SuaraSurakarta.id - Islam menjadi agama yang banyak dianut oleh masyarakat Solo. Fakta ini tidak bisa terlepas dari peran Ki Ageng Henis yang merupakan ulama penyebar agama Islam di Solo dan membangun kampung sentra batik di Laweyan.
Ki Ageng Henis mempunyai torehan sejarah yang manis untuk Kota Solo. Pasalnya ulama ini sangat berkontribusi bagi syiar agama Islam di kota tersebut sejak zaman dahulu yang membuat Solo menjadi kota yang religius.
Sehingga amat sangat menarik untuk mengenal lebih jauh mengenai sosok Ki Ageng Henis dan kiprahnya untuk melakukan penyebaran agama Islam di Solo.
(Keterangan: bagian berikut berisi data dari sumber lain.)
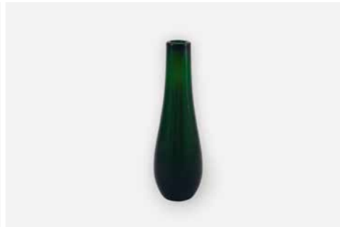
KNOX 33 GLASS VASE — GREEN Material: Mouth blown glass Size: Ø: 10,5 cm H: 33 cm Item no. 307101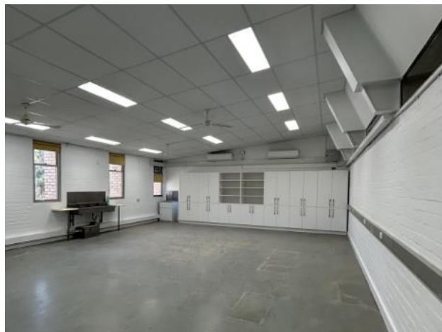
After: art room upgrade.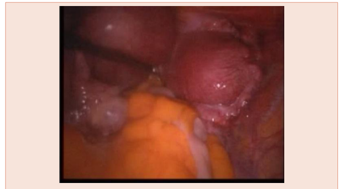
Figure 3: Laparoscopic view of a 6-cm rudimentary horn connected to the uterus with a fibrotic band.

RHP as a rare condition is accompanied with increased maternal complication and poor obstetrical prognosis. There are increased risks for abortion, malpresentation, intrauterine growth restriction (IUGR), intrauterine fetal death and placenta accreta with such condition [2]. Early diagnosis before uterine rupture can prevent maternal complication. In a systematic review study by Sujata et al., they have suggested ultrasound as the most common technique for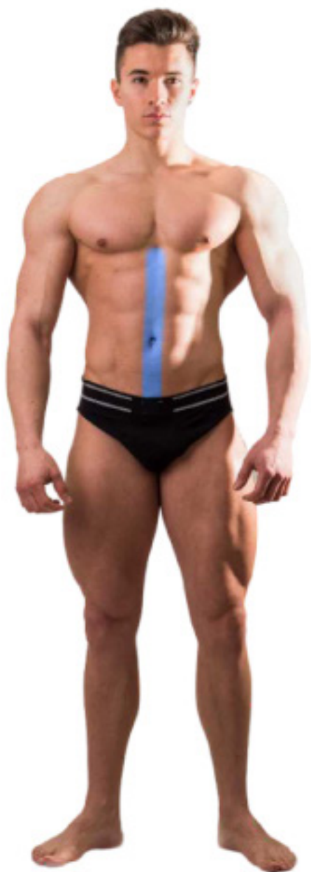
Full Ab Line - Covers 2 inches of mid abdomen line beginning bottom of sternum to top of bikini line.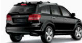
BRILLIANT BLACK CRYSTAL PEARL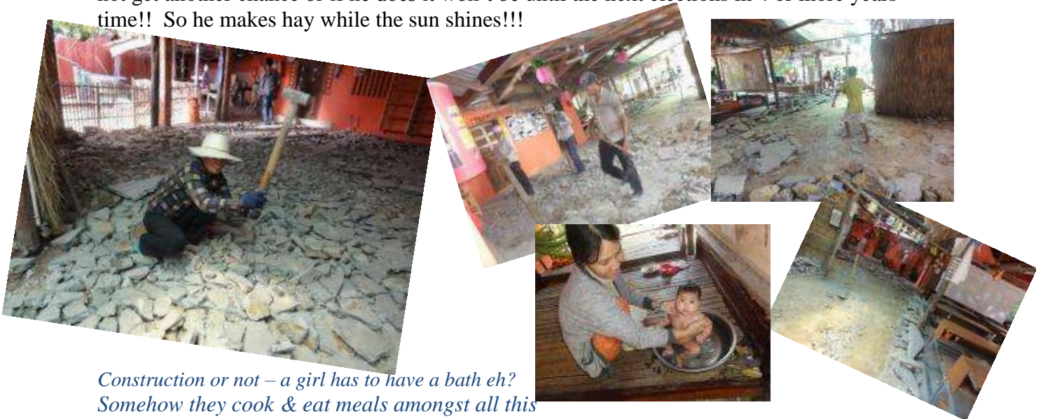
Construction or not – a girl has to have a bath eh? Somehow they cook & eat meals amongst all this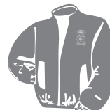
College Sports Spray Jacket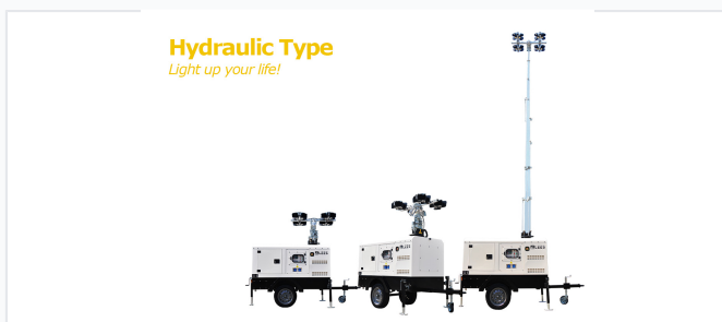
Hydraulic light tower featuring a 9-meter high mast equipped with energy-efficient LED lights.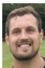
Promotions and Training Officer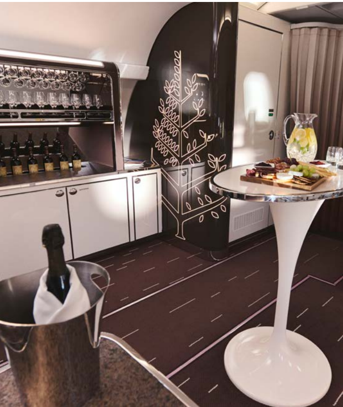
Savour snacks and beverages in the Lounge in the Sky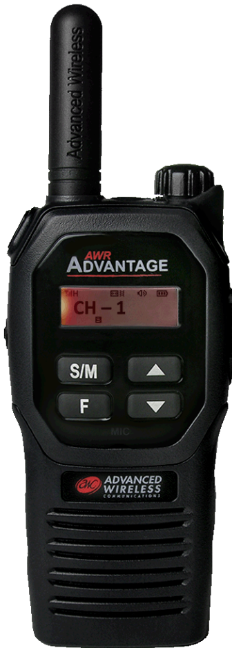
AWR Advantage (with holster & battery) 106094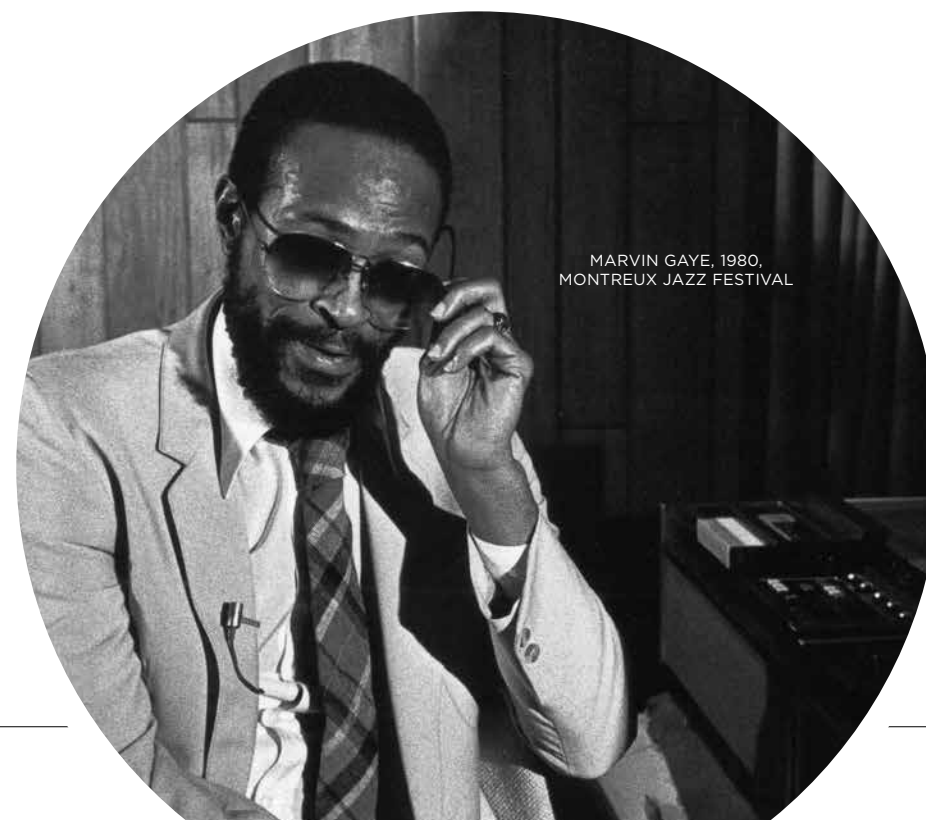
MARVIN GAYE, 1980, MONTREUX JAZZ FESTIVAL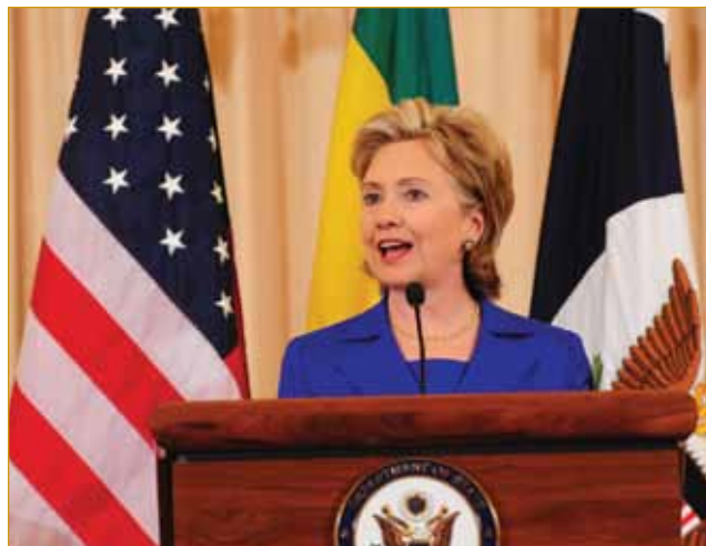
Secretary of State Hillary Rodham Clinton paid tribute to 2009 World Food Prize Laureate Gebisa Ejeta and laid out the Obama administration’s approach to global agriculture.

“Dr. Borlaug established the World Food Prize to keep our attention focused on the ongoing hunger crisis and on those whose work is significantly contributing to its end,” said Clinton.

Baca Juga:Sejarah Arseto Solo, Klub Legendaris Milik Anak Presiden Soeharto yang Pernah Tembus Champions Asia
Tahun lahir Ki Ageng Henis tidak diketahui secara pasti, tetapi diperkirakan sekitar tahun 1520-an. Pria bernama asli Bagus Henis ini adalah putra dari Ki Ageng Sela, seorang tokoh penting dalam Kerajaan Mataram.
Ki Ageng Henis menghabiskan masa kecilnya di Desa Sela, Kabupaten Grobogan, Jawa Tengah. Sejak usia dini, dirinya sudah menunjukkan kecerdasan yang luar biasa dan ketertarikannya pada dunia spiritual.
Kemudian Bagus Henis berguru kepada sejumlah ulama dan tokoh spiritual, termasuk Sunan Ngerang, seorang wali yang terkenal dengan ajaran tasawufnya.
Setelah menimba ilmu selama bertahun-tahun, Ki Ageng Henis kembali ke Desa Sela dan mulai menyebarkan ajaran Islam di wilayah tersebut.
Dirinya juga berperan penting dalam mengembangkan batik, sebuah seni tradisional Jawa yang kini menjadi salah satu warisan budaya dunia.
Baca Juga:Mengenal Sejarah Lokananta Solo, Studio Musik Tertua di Indonesia
Langkah ini bermula saat Ki Ageng Henis melakukan dakwah di Desa Laweyan, yang dahulu mayoritas penduduknya beragama hindu.
Kemudian dengan pendekatan budaya lokal Ki Ageng Henis menyiarkan agama Islam sehingga banyak orang yang menjadi hijrah atau mualaf menjadi muslim.
Di Desa Laweyan, Ki Ageng Henis juga membangun Masjid Laweyan tahun 1546, yang hingga kini masih difungsikan sebagai tempat beribadah umat Islam di Kampung Laweyan.
Selama di Laweyan, Ki Ageng Henis juga mengajarkan masyarakat disana untuk membatik.
Bahkan ulama ini sukses menciptakan motif Batik Sido Luhur, yang dalam Bahasa Jawa Sido artinya jadi atau menjadi yang bermakna harapan atas tercapainya sebuah keinginan.
Sedangkan kata Luhur merupakan kata sifat yang artinya tinggi, terhormat dan agung.
Diharapkan, setiap pemakai motif batik tersebut memiliki sifat luhur yang mencerminkan kebesaran jiwa, menjadi teladan atau panutan.
Hingga kini motif Batik Sido Luhur masih dilestarikan oleh masyarakat Solo.
Bahkan batik jenis ini kerap digunakan masyarakat Jawa untuk pasangan yang melangsungkan pernikahan, khususnya untuk malam pengantin juga tradisi mitoni atau 7 bulan kehamilan.
Kehidupan dan kontribusi Ki Ageng Henis berfungsi sebagai bukti kekuatan iman, kebijaksanaan, dan pelestarian budaya yang abadi.
Warisannya terus membentuk identitas orang Jawa, menginspirasi mereka untuk menjunjung tinggi tradisi mereka yang kaya dengan tetap menyebarkan agama Islam rahmatan lil alamin.